Geçen günlerin birinde ondan bir hayat öpücüğü çaldığımı az çok hatırlıyorum yarı sarhoştum, kadınlar lavabosundan gelen sesleri duyunca yardım etmem gerektiğini düşünmüştüm bir şekilde kendini toparlayasa kadar o kişinin Elif olduğunu fark etmemiştim o gün papatya kokusunu gizlemişti çünkü

O olduğunu anladığımda ise aklımda tek şey vardı bütün yılların acısını çıkarmak istiyordum ama Elif buna izin vermeden gitti, o gittiği andan sonra bütün dünyam tekrar yıkılmıştı sanki

O günden önce zaten ölüydüm kısacık bir hayat öpücüğü ile az biraz nefes alabilmiştim ama çok kısa sürmüştü

En son söz vermiştim bowling oynamaya gidecektik 'kısa bir duş alıp çıkacağım' dedim onu on beş dakikalığına odada yalnız bıraktım, geri döndüğümde yoktu orda

Telefonu alıp arayım derken mesajları gördüm o kız bırakmıyordu peşimi her yerden engelliyordum ama gene bir şekilde ulaşıyordu bana

Elif'i arayıp açıklama yapamazdım asla dinlemezdi beni biraz sakinleşmesi için zaman verdim

Akşam kapı zilini duyduğumda Elif'in geldiğini düşünmüştüm ama karşımda gene o kız vardı ne ismini biliyordum ne başka bir şeyini

Bağırmaya başladı fazla sarhoştu susturmaya çalıştıkca bağırdı en son tökezleyip düşecekken tuttum onu

Onu tutmamla dudaklarıma yapışması bir olmuştu anında ittirip kolundan tuttuğum gibi dışarı atmıştım

Eve geçip Elif'i tekrar beklemeye başlasam da gelmedi

Kısa süre sonra tekrar buluştuğumuzda ben yine biz olmaya hazırdım ama Elif sanki benden nefret ediyor gibi her seferinde kavga çıkarıyordu onun aksine ne kadar sakin kalmaya uğraşsam da Elif biz olmak istemiyor gibiydi ve en sonunda gitti bir daha da gelmedi

O günden sonra her gecemi barda geçirmeye başladım, arkadaşımın barının arka tarafında benim için ayırdığı odada kalıyordum gece gündüz demeden sürekli içiyordum

İçimdeki ateşi söndürmeye çalışıyordum

Papatya kokusunu almadan yaşamaya çalışıyordum

Şimdi doyasıya alıyorum ama gene kaybolacak diye ödüm kopuyordu

"ben artık seni kaybetmek istemiyorum"

Benim nefes almamı sağlayandan uzaklaşmak istemiyorum

"artık senden ayrı kalmak istemiyorum"

Ne oldurdu artık benimle kalsa, ne olurdu benim nefes almamı sağlasa?

"bıkarmanı istemiyorum"

Bana ait olmayan hıçkırık sesi dikkatimi çekti

"Elif?"

Yavaşca kalktı göğsümden gene gidecek diye korksam da bir anda boynuma sarılması korkularımı da alıp götürdü

Hafif doğrularak sımsıkı sardım bedenini kollarımla

"özür dilerim, biliyorum yaptıklarımdan sonra özrün bir önemi yok ama elimden sadece bu geliyor, özür dilerim yaşattıklarım için özür dilerim canını yaktığım için özür dilerim bizi bu duruma getirdiğim için aşkımızı bir çırpıda harcadığım için senin bu hale gelmene sepep olduğum için hayallerimizin üzerini kapkara anılarla kapattığım için özür dilerim"

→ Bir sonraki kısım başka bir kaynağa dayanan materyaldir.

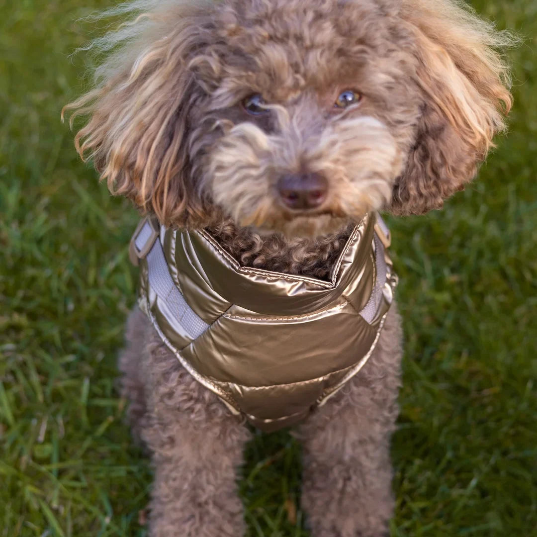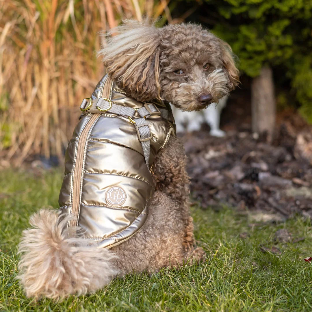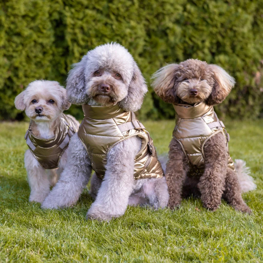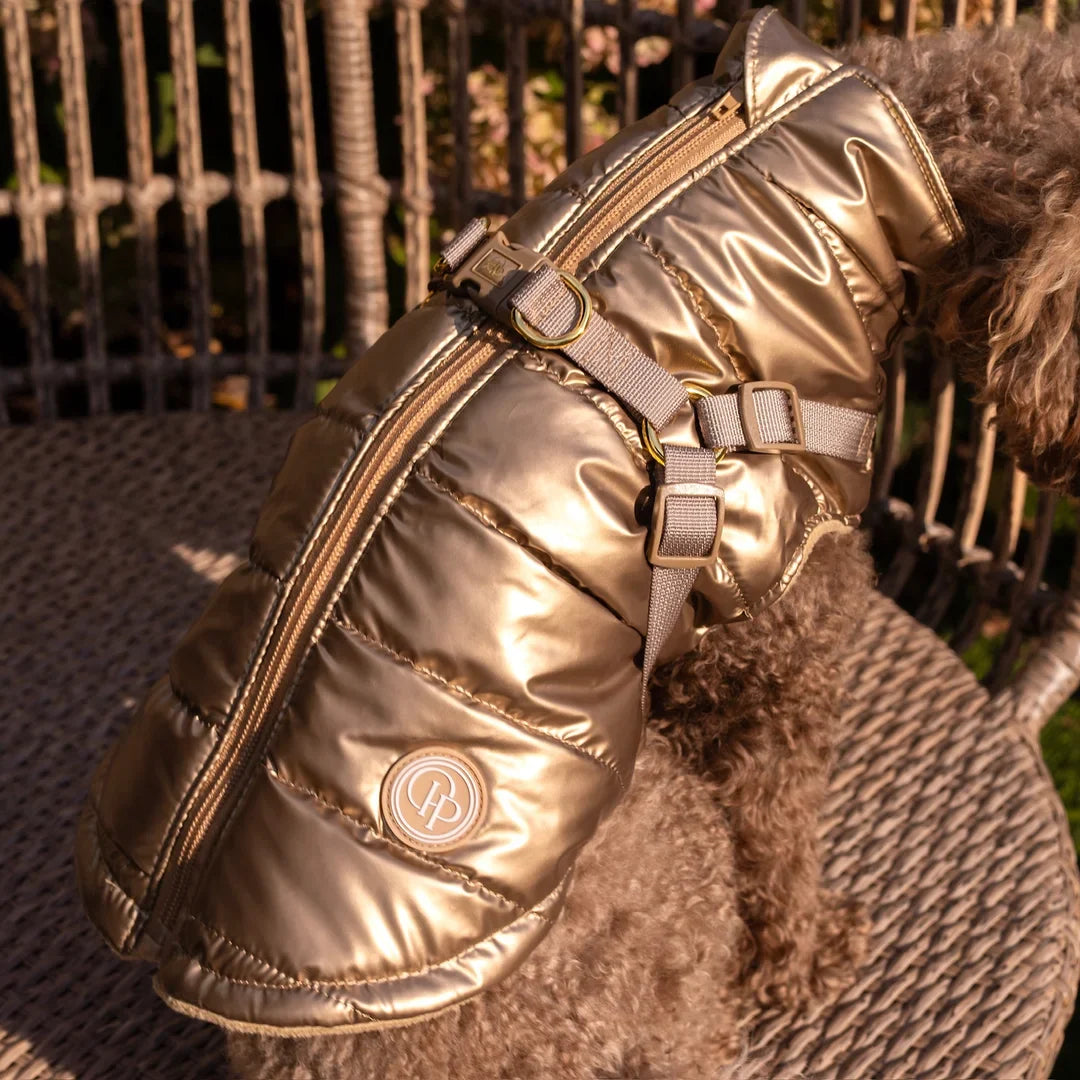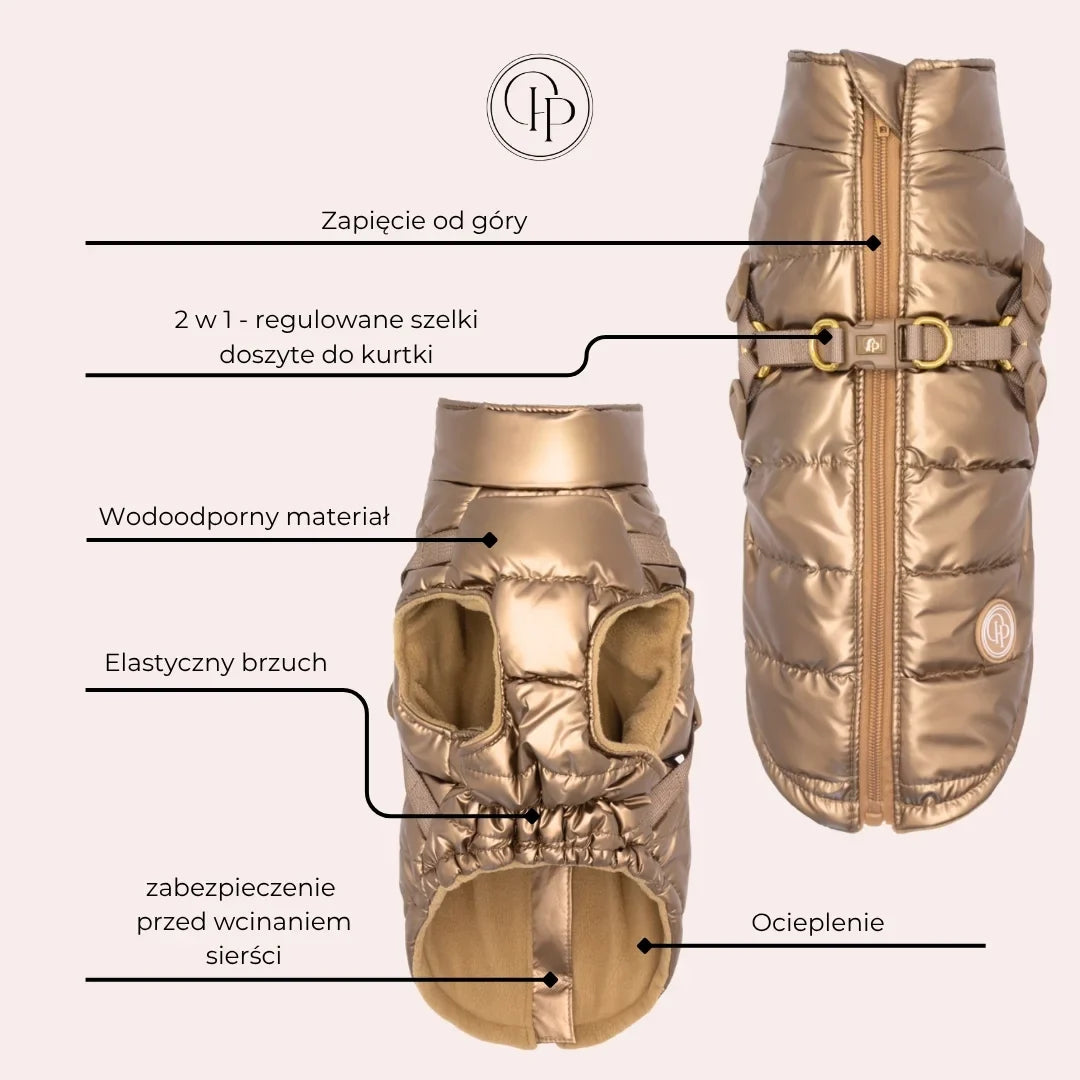 Wyjątkowy styl i luksus w jednym. Zimowa kurtka Pupparisian w odcieniu złota z eleganckim połyskiem została stworzona, aby zapewnić Twojemu psu nie tylko ochronę przed zimnem, ale także niepowtarzalny, modny wygląd. To model 2w1 – kurtka z wbudowanymi szelkami, który łączy wygodę i funkcjonalność, eliminując konieczność używania dodatkowych akcesoriów przed spacerem.

Kollarımı gevşetip yüzünü *avuçlarımın arasına aldım ve anlına bir öpücük kondurdum "geçti Elif'im, herşey bitti artık, geçmişi hatırlamıyorum ben"

"özür dilerim"

"geçti güzelim, tekrar kollarımın arasındasın, tekrar nefes almamı sağladın, attık bitti bak birlikteyiz yine biziz, korkular yalnızlıklar acılar bitti gitti, sen bana geldin ya bana sarıldın ya herşeyi unuttum ki ben" derin bir nefes alarak devam ettim "kızımızı da kurtaracağız o adamın elinden işte o zaman bizim de masalımız mutlu sonsuz olacak

"ama Çağla'yı gördün, o Murat'la daha mutlu gibi duruyordu, belki de onun mutluluğu için ben yüreğimdeki boşluğa alışmalıyım"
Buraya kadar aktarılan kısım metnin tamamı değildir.